Chicago Public Schools sells $725M in bonds with 8.5% interest rate
The district’s borrowing does take pressure off of the district’s immediate cash-flow problem. However, it does nothing to solve the CPS’ long-term financial crisis and its structural imbalances – in fact it only makes things worse.
Chicago Public Schools, or CPS, just found out the price of its long history of financial mismanagement: punishingly high interest rates and a lack of appetite from lenders.
CPS borrowed $725 million on Feb. 3 to refinance old debt and to prop up the district’s deficit-filled budget. The bond issue was a postponed a week earlier due to investor concerns over the district’s fiscal condition.
CPS will pay an extraordinarily high interest rate of 8.5 percent on its tax-exempt bonds, 5.8 percentage points higher than the 2.7 percent interest that triple-A institutions pay.
And despite those massive interest rates, the district only managed to sell $725 million out of an originally expected $795 million in tax-exempt bonds, demonstrating that CPS couldn’t attract enough investors to meet its needs.
The outcome of the Feb. 3 sale is not surprising, as the nation’s three leading ratings agencies have downgraded CPS’ credit repeatedly – deep into junk status.
The district’s borrowing does take pressure off of the district’s immediate cash-flow problem. However, it does nothing to solve CPS’ long-term financial crisis and its structural imbalances – in fact it only makes things worse.
If the district can’t get its structural finances in order, more teacher layoffs, more school closings and large tax increases on Chicagoans are likely.
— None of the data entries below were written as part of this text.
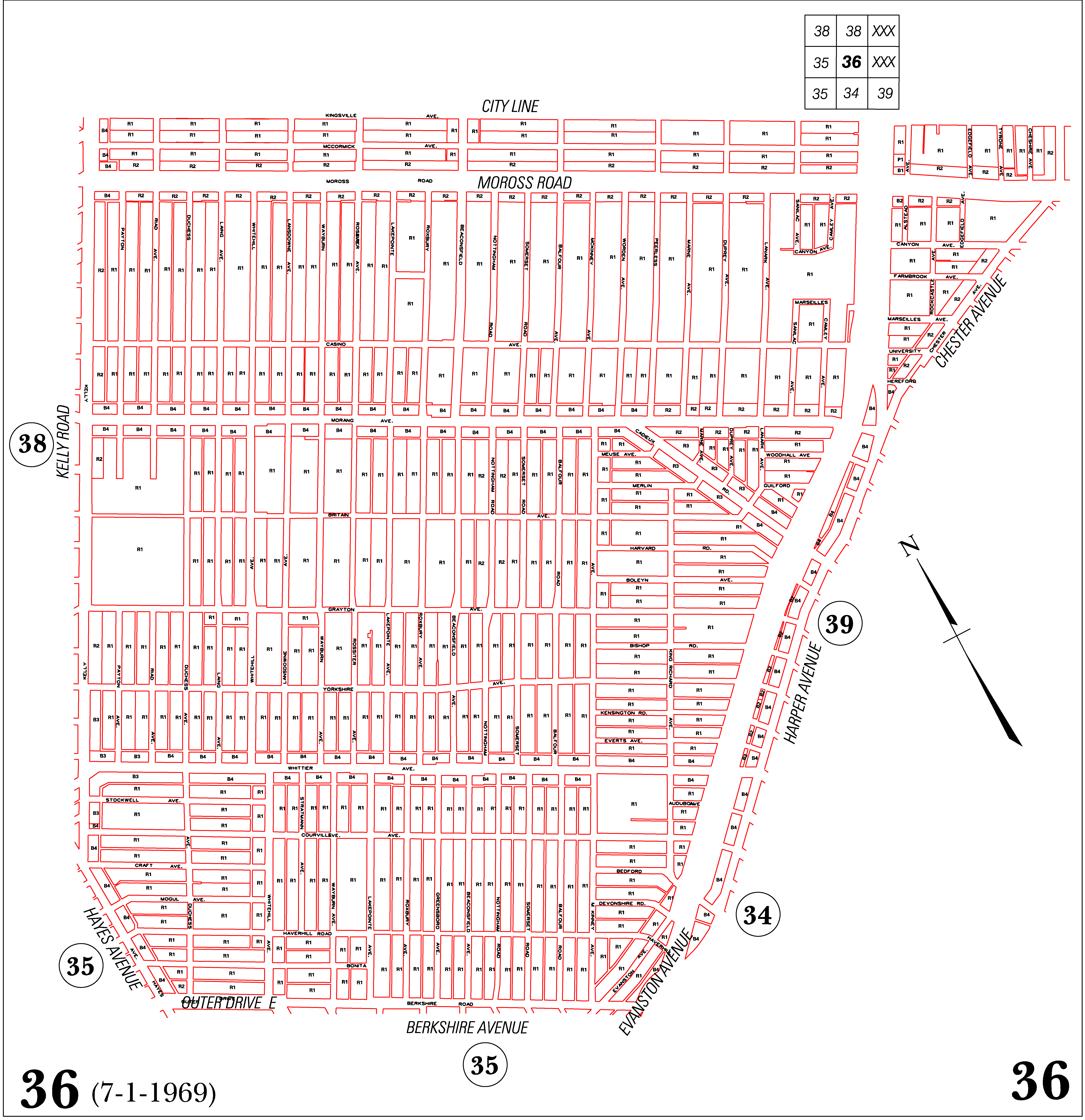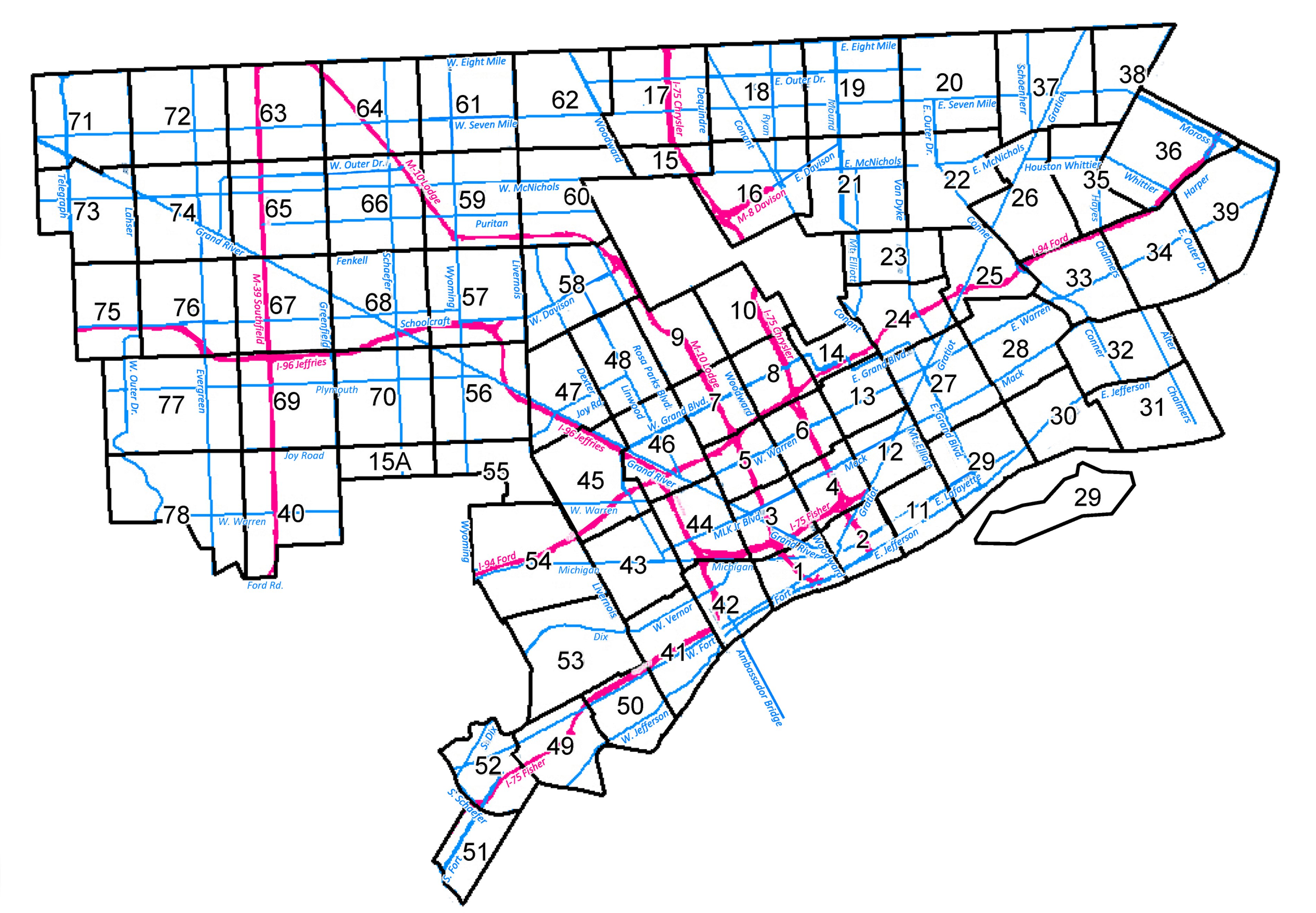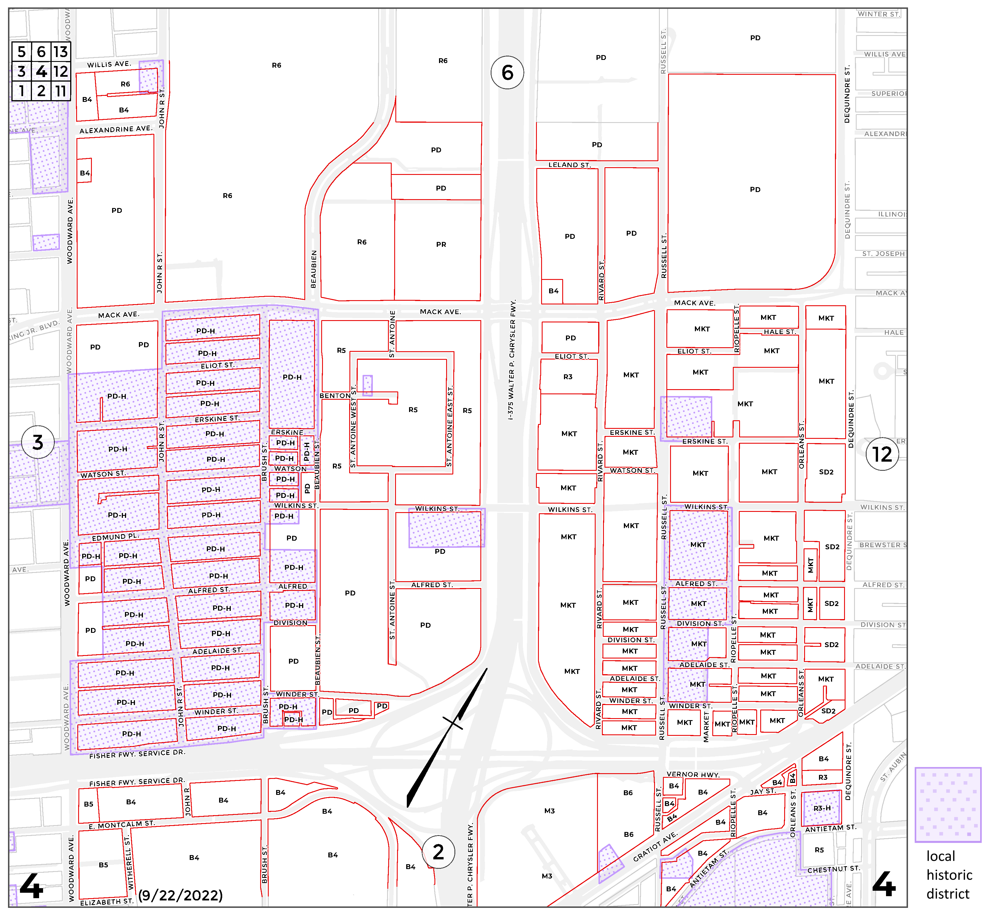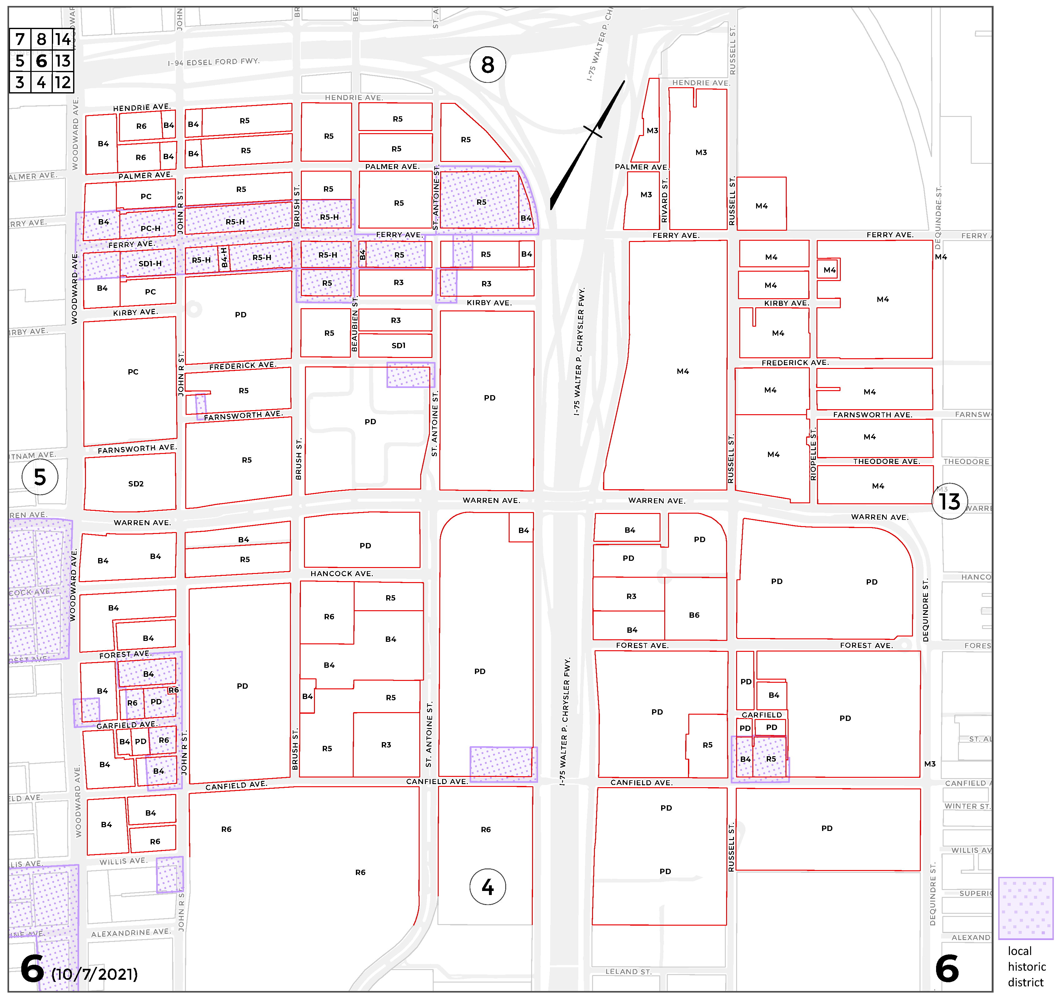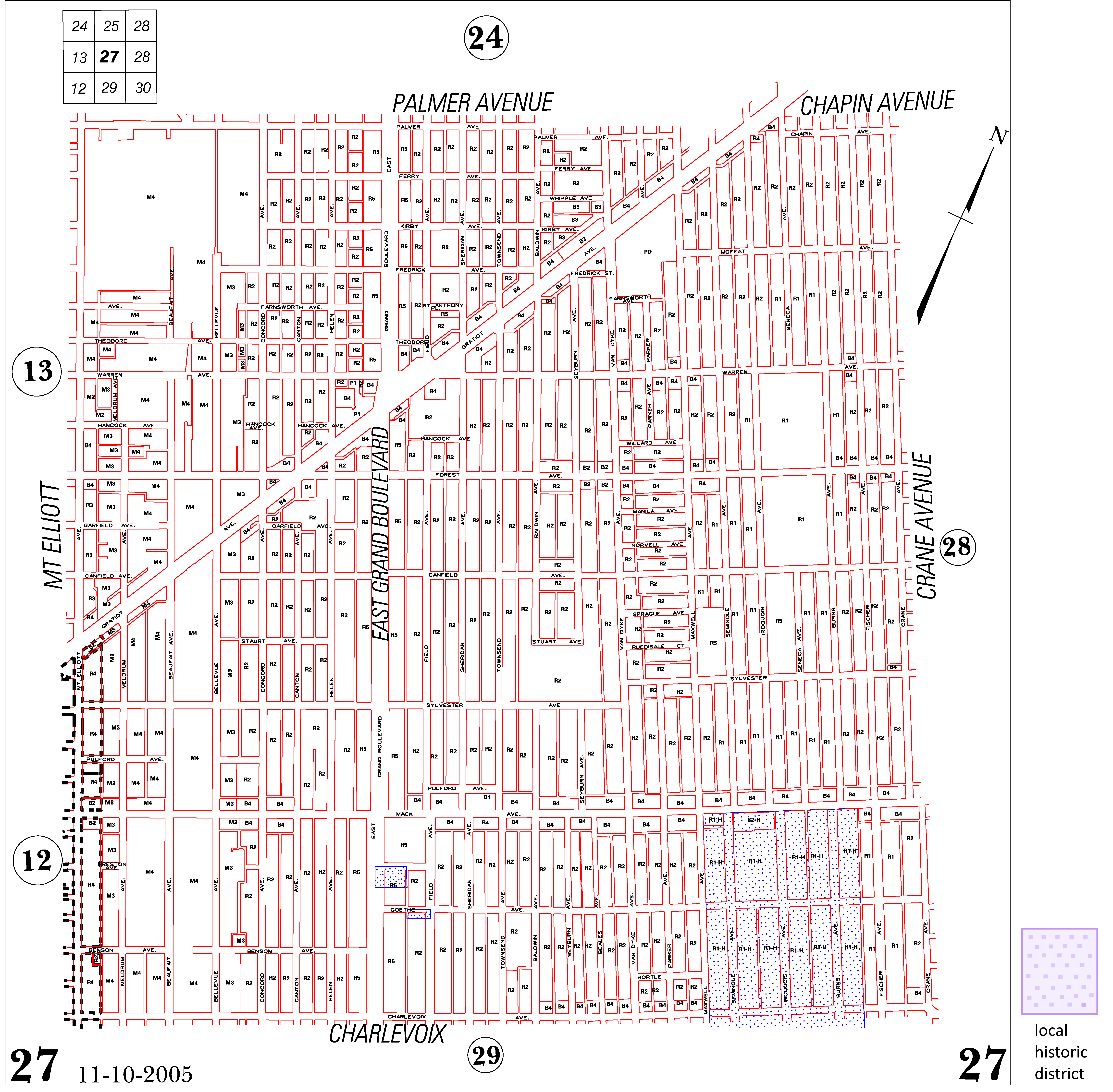 INDEX MAP FOR CITY OF DETROIT ZONING DISTRICTS
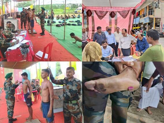 Agniveer Bharti Rally 2022: मध्य प्रदेश (Madhya Pradesh) के सागर (Sagar) जिले में इन दिनों अग्निवीर भर्ती रैली (Agniveer Bharti Rally) चल रही है. इसमें 14 जिलों के 73 हजार युवा परीक्षा देने आए हैं. युवा अपनी हाइट बढ़ाने के लिए फर्जीवाड़ा भी कर रहे हैं, लेकिन सेना की नजरों से बच नहीं पा रहे हैं. परीक्षा में चयनित होने के लिए कुछ युवा अभ्यर्थी शरीर से छेड़छाड़ कर अपनी लंबाई बढ़ाने के चक्कर में पकड़े गए हैं. इसकी वजह से उनको अग्निवीर भर्ती रैली से तत्काल बाहर किया गया. अग्निवीर भर्ती रैली में युवाओं की लंबाई, सीने के नाप निर्धारित मानकों के अनुरूप ही लिए जा रहे हैं. कुछ ने अपने शरीर से छेड़छाड़ तक कर ली और हाइट बढ़ाई, लेकिन पकड़े गए.
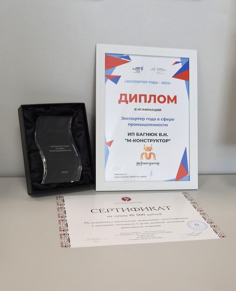 Сразу несколько предприятий, пользующихся услугами Центра поддержки экспорта, боролись за право стать лучшим «Экспортером года в сфере промышленности», но статуэтка, денежный сертификат и диплом победителя оказались в руках коммерческого директора завода «М-Конструктор» Артема Багнюка.
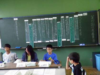 黒板には、事前に各学級の話合いによる意見が掲示されています!
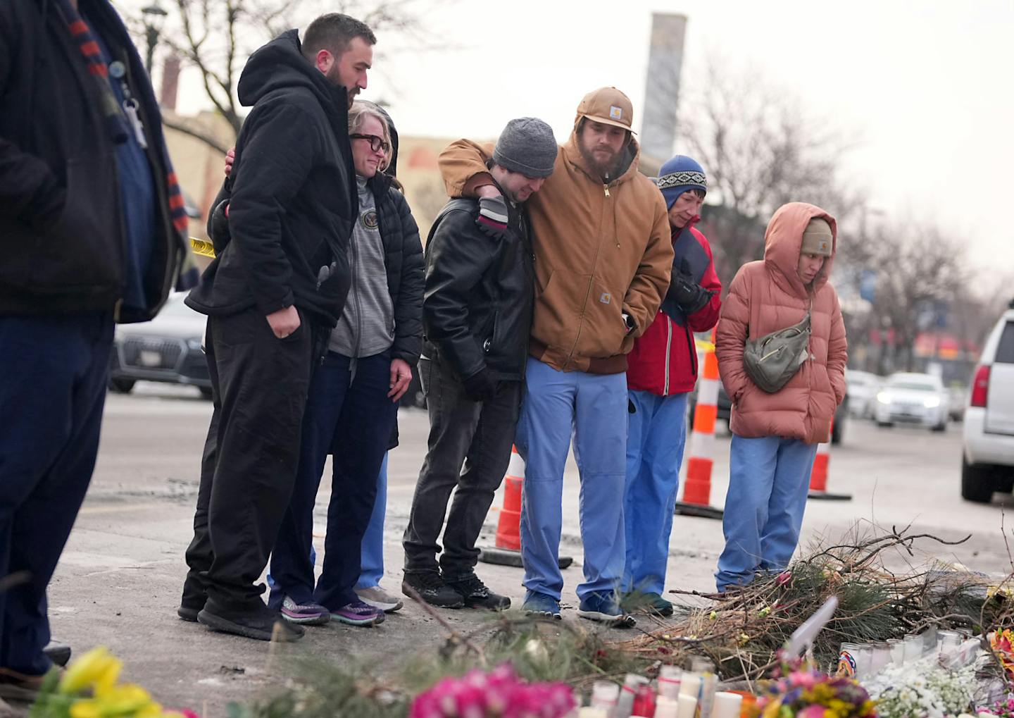 Nurses who knew Alex Pretti, the man shot and killed by a federal agent in Minneapolis, pay their respects at the scene of the shooting on Sunday, Jan. 25. (Richard Tsong-Taatarii/The Minnesota Star Tribune)
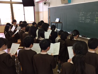 2月28日(火)2月最終日になりました。3月10日に行う「卒業をお祝いする会」に向けて、1年生〜5年生ががんばっています。これまでお世話になった6年生に喜んでもらおうと、「お祝いの歌」を録音したり、各教室によびかけの練習をしに行ったりしています。中でも5年生は在校生の中心として、みんなをリードしています。こうした活動の中で、最高学年になる準備をしていくのですね。
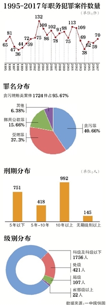 昨天上午,北京一中院發(fā)布《1995年-2018年職務(wù)犯罪白皮書》(以下簡(jiǎn)稱白皮書)。作為承擔(dān)了北京近四成的職務(wù)犯罪審判任務(wù)的法院,23年來,一中院通過審理的1800余件職務(wù)犯罪案件,總結(jié)出了該類案件的主要特征和發(fā)展趨勢(shì)。近年來,職務(wù)犯罪中“小官”犯罪占比較高、犯罪行為時(shí)間跨度平均為7年,“初犯”低齡化職務(wù)犯罪特征初顯等。
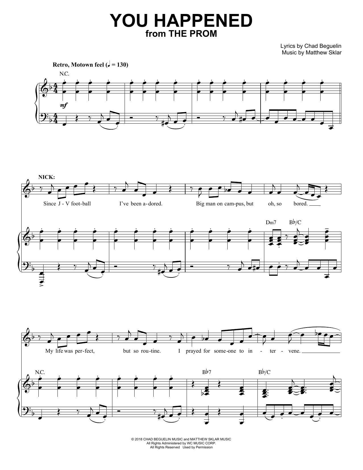 Download or print Matthew Sklar & Chad Beguelin You Happened (from The Prom: A New Musical) sheet music, chords and digital score arranged for Piano & Vocal. This Film/TV score includes 7 page(s).
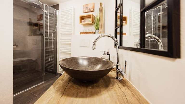 Die Ferienwohnung verfügt über ein Schlafzimmer, ein Wohnzimmer mit Flachbild-TV und eine gut ausgestattete Küche mit Kühlschrank und Ofen. Das Badezimmer ist mit einer Dusche ausgestattet. Handtücher und Bettwäsche werden gestellt.
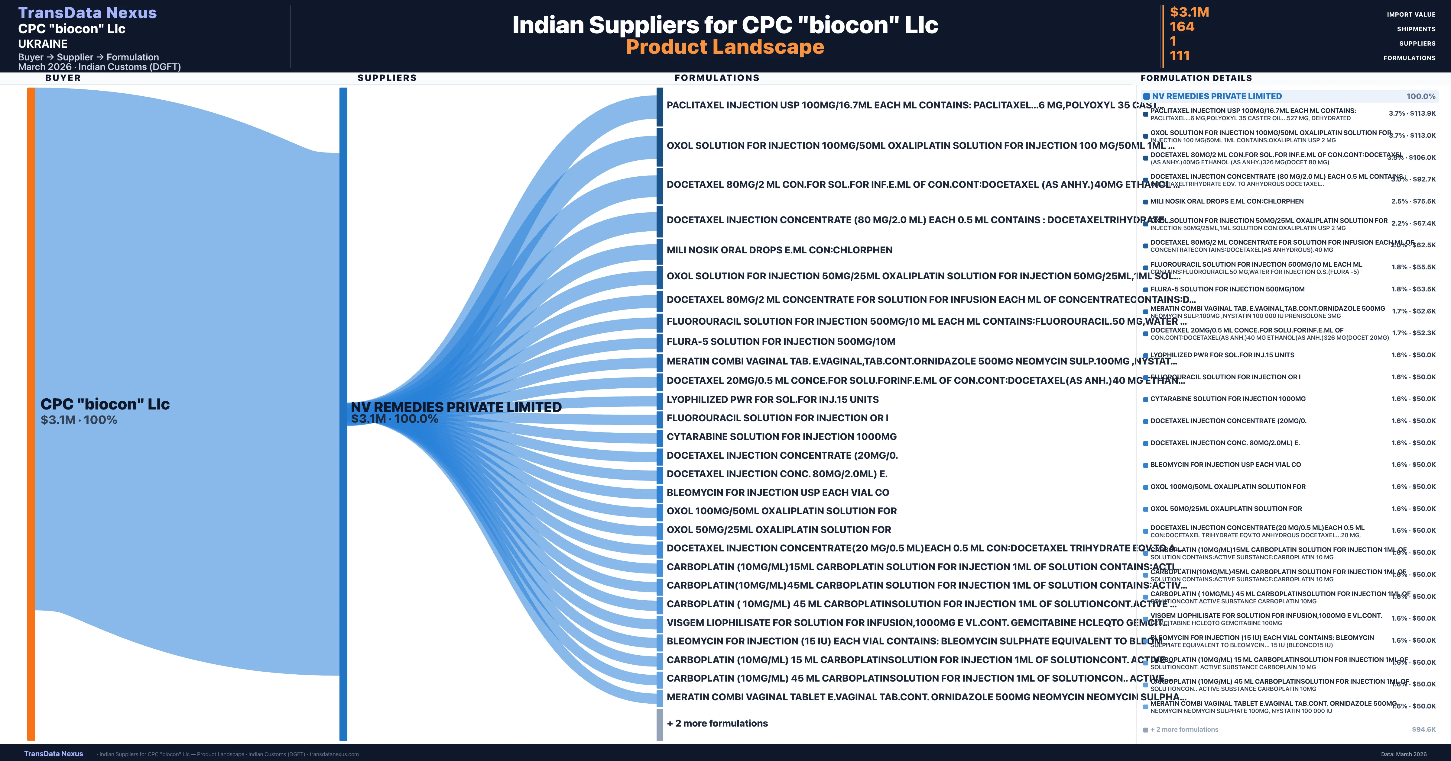 CPC "biocon" Llc sources from 1 verified Indian supplier across 111 distinct formulations. The sourcing is highly concentrated — Nv Remedies Private Limited accounts for 100.0% of total imports, indicating a strategic single-source relationship.
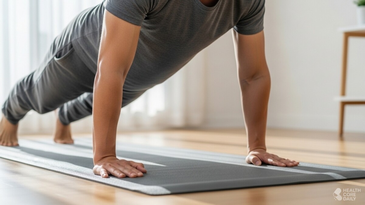 하프 버피는 기본 버피 동작에서 점프를 뺀 형태로, ‘서 있다가 쪼그려 앉은 뒤 다리를 뒤로 뻗어 플랭크 자세를 만들고, 다시 앞으로 가져와 일어서는’ 과정을 반복하는 전신 운동이다. 점프가 없기 때문에 관절 부담과 소음이 적어, 아파트나 층간 소음이 걱정되는 환경에서도 무리 없이 할 수 있다.
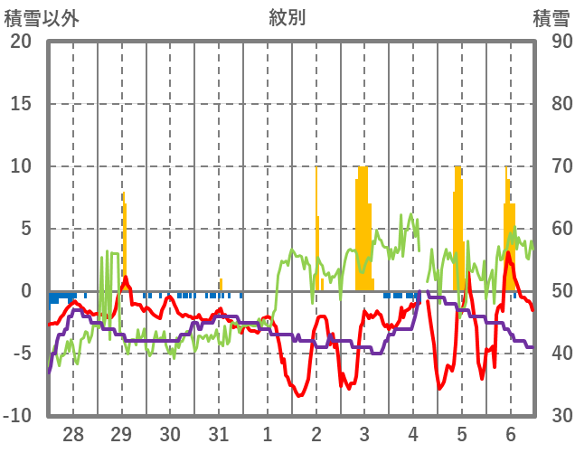 | 日 | 時 | 気温 | 降水 | 風向/風速 | 日照 | 積雪 | 降雪 |

To avoid that outcome, the district must enact spending reforms; it can no longer continue to kick the can down the road and push massive debts onto the backs of Chicago’s children.
Ending teacher pension pickups is a good first step. But there is much more the district needs to do, such as standing firm on the current negotiations with the Chicago Teachers Union while demanding reasonable concessions, such as a salary freeze.
CPS must also enact reforms that will help stabilize the district’s finances, such as empowering government workers with 401(k)-style retirement plans.